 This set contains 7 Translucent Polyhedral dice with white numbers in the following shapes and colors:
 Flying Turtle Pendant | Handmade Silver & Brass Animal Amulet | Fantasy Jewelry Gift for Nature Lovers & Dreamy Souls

--------------------

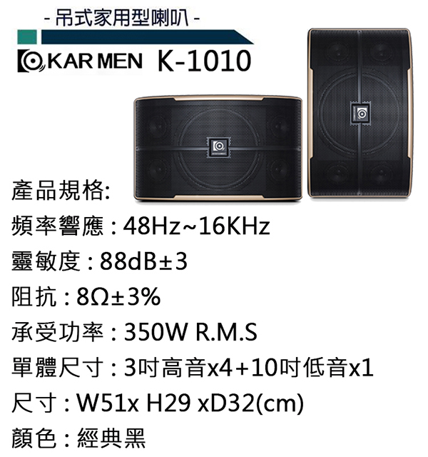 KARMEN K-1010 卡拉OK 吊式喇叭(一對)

--------------------

_WORK ORDER_
Set down, exactly as they appear above, all lines from the one that has "This set contains" down to the one that has "Flying Turtle Pendant", including those two and no others.

_EXPECTED ANSWER_
 This set contains 7 Translucent Polyhedral dice with white numbers in the following shapes and colors:
 Flying Turtle Pendant | Handmade Silver & Brass Animal Amulet | Fantasy Jewelry Gift for Nature Lovers & Dreamy Souls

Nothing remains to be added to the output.